Oh that would be good:wink: I am just home from work and I am not even going to bother trying again tonight, as I know I will not have the patience to fiddle around with it Yes the shelves keep moving everytime I go to put the cage on it's side to try and put the wheel together. I am not sure where the best place to position it in the cage is. That'll be good if you get one and show me. Is the stand meant to sort of stick out on the outside of the cage? I couldn't get it to stay flat/flush if you know what I mean?


----------



## Parlourpuss (Jul 31, 2009)

Flissy said:


> Oooh yeah I remember doing that with Sausages actually now, it took forever! Didn't help that I have no fingernails and I also kept losing the little fish shaped metal clip in the bedding when it pinged off


It's a nightmare!!!!!


----------



## Parlourpuss (Jul 31, 2009)

Yaaay done it at last Someone on another forum kindly posted me a picture of their one

Here it is, though I couldn't quite figure out how to put stand on the outside so it's on the inside


----------



## thedogsmother (Aug 28, 2008)

Parlourpuss said:


> Yaaay done it at last Someone on another forum kindly posted me a picture of their one
> 
> Here it is, though I couldn't quite figure out how to put stand on the outside so it's on the inside


That looks fantastic well done, has it been christened yet?


----------



## Parlourpuss (Jul 31, 2009)

thedogsmother said:


> That looks fantastic well done, has it been christened yet?


I might have to take it back out as he has done a wee in it twice and the wee is running through the wheel and going on to the shelve and all over him I just noticed as well he is inside the wheel biting the axle/bar that goes through the wheel. He is biting the bit where there is a metal washer though and I am worried he is going to cut his little mouth

Does anyone else have problems with their hammie weeing in their wodent wheel?


----------



## Flissy (Jul 27, 2009)

Parlourpuss said:


> I might have to take it back out as he has done a wee in it twice and the wee is running through the wheel and going on to the shelve and all over him I just noticed as well he is inside the wheel biting the axle/bar that goes through the wheel. He is biting the bit where there is a metal washer though and I am worried he is going to cut his little mouth
> 
> Does anyone else have problems with their hammie weeing in their wodent wheel?

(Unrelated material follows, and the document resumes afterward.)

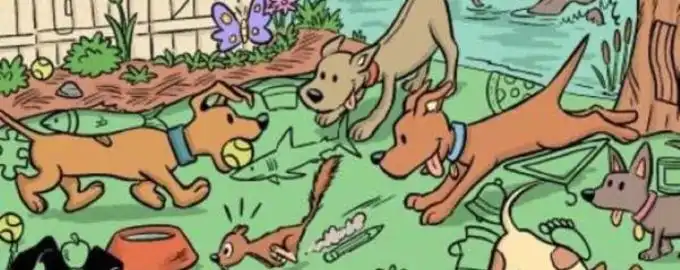 Spróbuj rozwiązać zabawną zagadkę – wśród psów bawiących się na polanie zgubił się magnes, który będziemy musieli szybko odnaleźć.

Stella wees in her wodent wheel all the time.... its so annoying 

I keep trying to toilet training but she just likes to wee wherever she wants!! Its annoying in the wodent wheel though because all the sand gets in there as well which makes it really difficult to clean!! And the fact that its so difficult to take apart makes it worse!


----------



## Parlourpuss (Jul 31, 2009)

Flissy said:


> Stella wees in her wodent wheel all the time.... its so annoying
> 
> I keep trying to toilet training but she just likes to wee wherever she wants!! Its annoying in the wodent wheel though because all the sand gets in there as well which makes it really difficult to clean!! And the fact that its so difficult to take apart makes it worse!


It's disgusting as the wee really stinks As you say it's difficult to clean trying to unclip it and everything then put it together again without the stupid shelves moving again:frown:


----------



## happysaz133 (Jun 5, 2008)

Looks good! My William weed in it all the time, his would be manky every night, I just dealt with it, making sure I washed it frequently.


----------



## zany_toon (Jan 30, 2009)

All 31 of my mice wee in their wheels. The only thing that is worse is when the baby boys then sleep in it !


----------



## Parlourpuss (Jul 31, 2009)

Yuk weeing in their wheels seems to be a common practice then


----------